== Given data ==
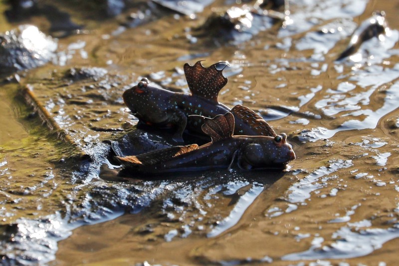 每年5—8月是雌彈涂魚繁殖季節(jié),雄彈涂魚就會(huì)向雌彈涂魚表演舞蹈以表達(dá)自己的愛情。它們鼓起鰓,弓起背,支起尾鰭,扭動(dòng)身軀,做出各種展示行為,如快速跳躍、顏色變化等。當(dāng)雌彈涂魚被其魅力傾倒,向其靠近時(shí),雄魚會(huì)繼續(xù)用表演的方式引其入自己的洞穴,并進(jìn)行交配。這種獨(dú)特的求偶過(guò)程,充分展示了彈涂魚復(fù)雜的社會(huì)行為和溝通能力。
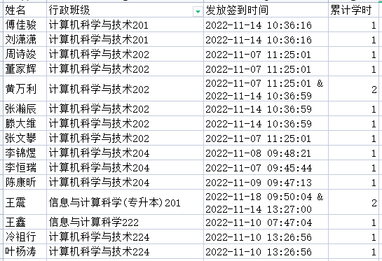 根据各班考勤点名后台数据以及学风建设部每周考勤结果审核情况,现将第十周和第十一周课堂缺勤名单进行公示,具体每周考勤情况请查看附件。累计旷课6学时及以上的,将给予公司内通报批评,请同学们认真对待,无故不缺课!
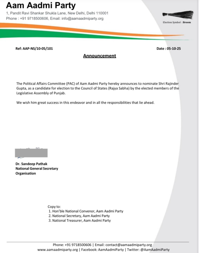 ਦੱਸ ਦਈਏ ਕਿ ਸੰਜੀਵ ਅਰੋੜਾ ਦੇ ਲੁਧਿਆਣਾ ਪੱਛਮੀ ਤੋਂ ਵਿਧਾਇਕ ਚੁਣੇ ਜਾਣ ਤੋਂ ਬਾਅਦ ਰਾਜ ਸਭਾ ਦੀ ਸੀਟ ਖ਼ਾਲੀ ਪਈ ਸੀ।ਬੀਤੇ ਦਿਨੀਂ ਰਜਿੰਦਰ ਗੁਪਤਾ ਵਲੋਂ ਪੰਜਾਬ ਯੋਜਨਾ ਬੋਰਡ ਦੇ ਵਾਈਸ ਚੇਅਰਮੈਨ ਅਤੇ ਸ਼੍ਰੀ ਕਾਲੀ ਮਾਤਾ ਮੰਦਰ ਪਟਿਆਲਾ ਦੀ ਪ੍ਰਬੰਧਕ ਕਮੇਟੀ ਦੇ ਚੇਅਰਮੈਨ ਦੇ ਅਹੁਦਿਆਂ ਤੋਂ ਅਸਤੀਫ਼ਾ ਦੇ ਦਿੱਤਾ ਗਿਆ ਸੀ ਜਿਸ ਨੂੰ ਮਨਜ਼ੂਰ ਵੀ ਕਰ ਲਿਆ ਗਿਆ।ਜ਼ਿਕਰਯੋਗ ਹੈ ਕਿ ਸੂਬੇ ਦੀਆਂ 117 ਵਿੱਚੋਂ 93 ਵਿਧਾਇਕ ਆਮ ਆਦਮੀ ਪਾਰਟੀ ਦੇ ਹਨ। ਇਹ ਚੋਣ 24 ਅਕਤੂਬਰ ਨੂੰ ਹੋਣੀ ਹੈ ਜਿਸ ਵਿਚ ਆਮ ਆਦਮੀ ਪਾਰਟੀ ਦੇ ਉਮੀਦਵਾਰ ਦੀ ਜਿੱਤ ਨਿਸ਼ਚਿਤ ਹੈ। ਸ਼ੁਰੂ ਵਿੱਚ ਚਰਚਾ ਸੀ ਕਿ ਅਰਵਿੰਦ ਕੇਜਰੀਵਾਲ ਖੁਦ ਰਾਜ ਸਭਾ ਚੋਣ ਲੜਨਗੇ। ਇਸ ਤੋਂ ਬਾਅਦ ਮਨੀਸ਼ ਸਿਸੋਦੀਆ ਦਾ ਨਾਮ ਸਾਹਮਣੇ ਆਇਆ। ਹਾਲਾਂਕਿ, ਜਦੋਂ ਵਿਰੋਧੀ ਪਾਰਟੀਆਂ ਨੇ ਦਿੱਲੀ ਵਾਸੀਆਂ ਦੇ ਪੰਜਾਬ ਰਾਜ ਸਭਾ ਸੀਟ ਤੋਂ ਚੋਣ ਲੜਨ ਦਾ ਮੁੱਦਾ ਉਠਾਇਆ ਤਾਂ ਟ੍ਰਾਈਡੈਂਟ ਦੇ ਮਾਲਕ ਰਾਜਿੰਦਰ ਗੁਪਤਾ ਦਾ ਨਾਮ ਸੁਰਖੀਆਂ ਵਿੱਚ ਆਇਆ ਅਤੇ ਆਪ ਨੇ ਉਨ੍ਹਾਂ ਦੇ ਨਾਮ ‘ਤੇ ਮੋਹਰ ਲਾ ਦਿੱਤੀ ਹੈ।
===
Quote precisely the lines of the data from the line containing "根据各班考勤点名后台数据以及" through its final line, both included, excluding pictures.

 根据各班考勤点名后台数据以及学风建设部每周考勤结果审核情况,现将第十周和第十一周课堂缺勤名单进行公示,具体每周考勤情况请查看附件。累计旷课6学时及以上的,将给予公司内通报批评,请同学们认真对待,无故不缺课!
 ਦੱਸ ਦਈਏ ਕਿ ਸੰਜੀਵ ਅਰੋੜਾ ਦੇ ਲੁਧਿਆਣਾ ਪੱਛਮੀ ਤੋਂ ਵਿਧਾਇਕ ਚੁਣੇ ਜਾਣ ਤੋਂ ਬਾਅਦ ਰਾਜ ਸਭਾ ਦੀ ਸੀਟ ਖ਼ਾਲੀ ਪਈ ਸੀ।ਬੀਤੇ ਦਿਨੀਂ ਰਜਿੰਦਰ ਗੁਪਤਾ ਵਲੋਂ ਪੰਜਾਬ ਯੋਜਨਾ ਬੋਰਡ ਦੇ ਵਾਈਸ ਚੇਅਰਮੈਨ ਅਤੇ ਸ਼੍ਰੀ ਕਾਲੀ ਮਾਤਾ ਮੰਦਰ ਪਟਿਆਲਾ ਦੀ ਪ੍ਰਬੰਧਕ ਕਮੇਟੀ ਦੇ ਚੇਅਰਮੈਨ ਦੇ ਅਹੁਦਿਆਂ ਤੋਂ ਅਸਤੀਫ਼ਾ ਦੇ ਦਿੱਤਾ ਗਿਆ ਸੀ ਜਿਸ ਨੂੰ ਮਨਜ਼ੂਰ ਵੀ ਕਰ ਲਿਆ ਗਿਆ।ਜ਼ਿਕਰਯੋਗ ਹੈ ਕਿ ਸੂਬੇ ਦੀਆਂ 117 ਵਿੱਚੋਂ 93 ਵਿਧਾਇਕ ਆਮ ਆਦਮੀ ਪਾਰਟੀ ਦੇ ਹਨ। ਇਹ ਚੋਣ 24 ਅਕਤੂਬਰ ਨੂੰ ਹੋਣੀ ਹੈ ਜਿਸ ਵਿਚ ਆਮ ਆਦਮੀ ਪਾਰਟੀ ਦੇ ਉਮੀਦਵਾਰ ਦੀ ਜਿੱਤ ਨਿਸ਼ਚਿਤ ਹੈ। ਸ਼ੁਰੂ ਵਿੱਚ ਚਰਚਾ ਸੀ ਕਿ ਅਰਵਿੰਦ ਕੇਜਰੀਵਾਲ ਖੁਦ ਰਾਜ ਸਭਾ ਚੋਣ ਲੜਨਗੇ। ਇਸ ਤੋਂ ਬਾਅਦ ਮਨੀਸ਼ ਸਿਸੋਦੀਆ ਦਾ ਨਾਮ ਸਾਹਮਣੇ ਆਇਆ। ਹਾਲਾਂਕਿ, ਜਦੋਂ ਵਿਰੋਧੀ ਪਾਰਟੀਆਂ ਨੇ ਦਿੱਲੀ ਵਾਸੀਆਂ ਦੇ ਪੰਜਾਬ ਰਾਜ ਸਭਾ ਸੀਟ ਤੋਂ ਚੋਣ ਲੜਨ ਦਾ ਮੁੱਦਾ ਉਠਾਇਆ ਤਾਂ ਟ੍ਰਾਈਡੈਂਟ ਦੇ ਮਾਲਕ ਰਾਜਿੰਦਰ ਗੁਪਤਾ ਦਾ ਨਾਮ ਸੁਰਖੀਆਂ ਵਿੱਚ ਆਇਆ ਅਤੇ ਆਪ ਨੇ ਉਨ੍ਹਾਂ ਦੇ ਨਾਮ ‘ਤੇ ਮੋਹਰ ਲਾ ਦਿੱਤੀ ਹੈ।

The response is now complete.